Here are a few key metrics that reveal how people are changing their view of finances:

  • 28% of Black people and 24% of Hispanic people say they didn’t track their credit scores before using fintech—an indication that technology is helping create financial awareness and building momentum towards closing historical gaps.

  • 57% of Gen Z says investing is now a topic they discuss with friends. Additionally, 77% of millennials say technology makes them more comfortable talking about finances. Perhaps one of the biggest factors that have been holding back financial health is awareness, or lack of it. With new fintech tools that expand access and stir conversations, more people are becoming aware of and improving their financial health. 

  • 63% of Gen Z says fintech makes them more confident with their money, and 33% say it gives them a better overall financial outlook. Additionally, fintech has helped 71% of Gen Z build better financial habits, while 65% say they’re open to using it to optimize their finances. Perhaps Gen Z is getting the early start with financial health and literacy that other generations lacked, thanks to more convenient options.

Together, these stats show fintech is helping Americans right the course when it comes to financial health. Finances are a complex part of life, and tools that improve awareness and reduce barriers to positive action are making a lasting impact towards bettering financial health. 

In addition to helping individuals improve their financial health, financial APIs are helping financial institutions that serve low-income and underserved populations. 

Improving access through minority and community banks

Community Development Financial Institutions (CDFIs) and Minority Depository Institutions (MDIs) bring traditional financial services to groups that might otherwise go unbanked. In fact, Black and Hispanic households are five times more likely to be unbanked than White households, and both groups have less than 25% of the median average wealth than White households.

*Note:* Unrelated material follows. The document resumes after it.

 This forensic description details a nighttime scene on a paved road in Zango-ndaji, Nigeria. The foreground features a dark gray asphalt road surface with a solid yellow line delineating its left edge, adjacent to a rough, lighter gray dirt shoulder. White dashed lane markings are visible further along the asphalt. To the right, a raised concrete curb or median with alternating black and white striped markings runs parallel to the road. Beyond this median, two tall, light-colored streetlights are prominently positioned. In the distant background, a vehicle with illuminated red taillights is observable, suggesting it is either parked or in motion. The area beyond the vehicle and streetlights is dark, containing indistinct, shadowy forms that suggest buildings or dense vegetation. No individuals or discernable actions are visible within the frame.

The goal of CDFIs and MDIs is to close those gaps, which financial APIs can help them achieve. 

With large innovation budgets, Wall Street financial institutions can offer high-tech mobile apps and virtual assistants. They can also build API integrations with thousands of fintech apps that give their customers instant access to these services. As smaller organizations, CDFIs and MDIs tend to be more budget-constrained and thus have struggled to provide customers with similar digital experiences. 

While Blacks (82%) and Hispanics (96%) report using fintech more than Whites (88%), the CDFIs and MDIs that serve the most financially vulnerable among those groups have a challenging time providing safe and secure access to fintech apps. That’s because they don’t have the budget to build API integrations. However, newer developments in API technology can allow their customers to enjoy the same access to fintech that Wall Street banks provide. 

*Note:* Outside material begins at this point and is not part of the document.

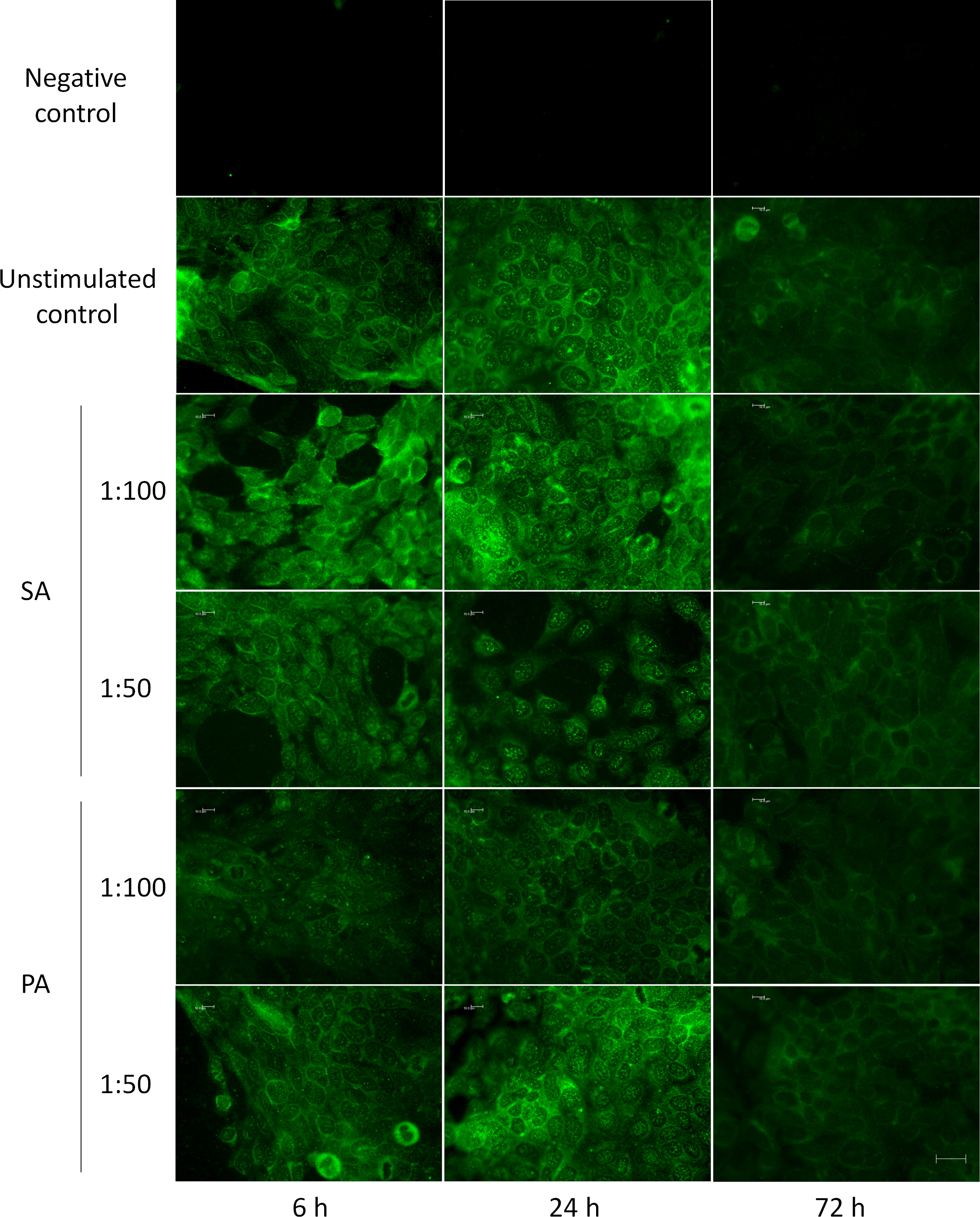 to Staphylococcus aureus (SA) and Pseudomonas aeruginosa (PA) supernatants at different dilutions and time points. Experiments were performed three times, and a representative image

Plaid Exchange, for example, is an open API network that CDFIs and MDIs can quickly and easily connect with. Once they integrate with Plaid Exchange, their customers will have access to the 6,000+ fintech apps that use Plaid for account authentication and connection. This allows these more budget-conscious institutions to bypass the need for the tech budgets that larger banks have while still giving their customers access to countless fintech tools that can help them improve their financial health.

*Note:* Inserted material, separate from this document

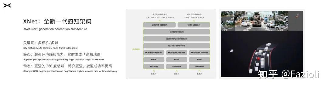 小鹏汽车:国内造车新势力的代表小鹏汽车和特斯拉正好相反,激光雷达用的那叫个顺溜,P5搭载激光雷达,P7也申报了激光雷达版本。对于高精地图,至少在今年1024科技节前,小鹏是非常依赖的,它的XPILOT就是利用高德的高精地图实现了领先的高速NGP,还曾斥资2.5亿元收购了有测绘资质的智途科技。但在1024科技节后,我们明显看见了小鹏的转变,它的XNet(全新一代感知架构)采用了重感知轻地图的策略,采用一种凭借传感器不断采集信息,“实时构建”高精地图的思路实现辅助驾驶,并宣称在2023年实现无图区域的导航辅助驾驶。

API technology is creating a financially healthier world

By safely connecting bank accounts with fintech apps, API technology has been a major contributor to improving financial health and closing historical gaps in wealth. 

For proof consider this: 15% of retail investors in America started investing in the year 2020 alone. In the old world—before financial APIs made it possible to seamlessly fund a Robinhood account, for example—this explosive growth wouldn’t have been possible. 

All across the financial ecosystem, APIs are helping people start their journey to financial health through fintech apps that help with budgeting, savings, investing, and paying off debt. These API-based apps are helping people achieve financial health regardless of who they are, where they come from, or what their financial status is.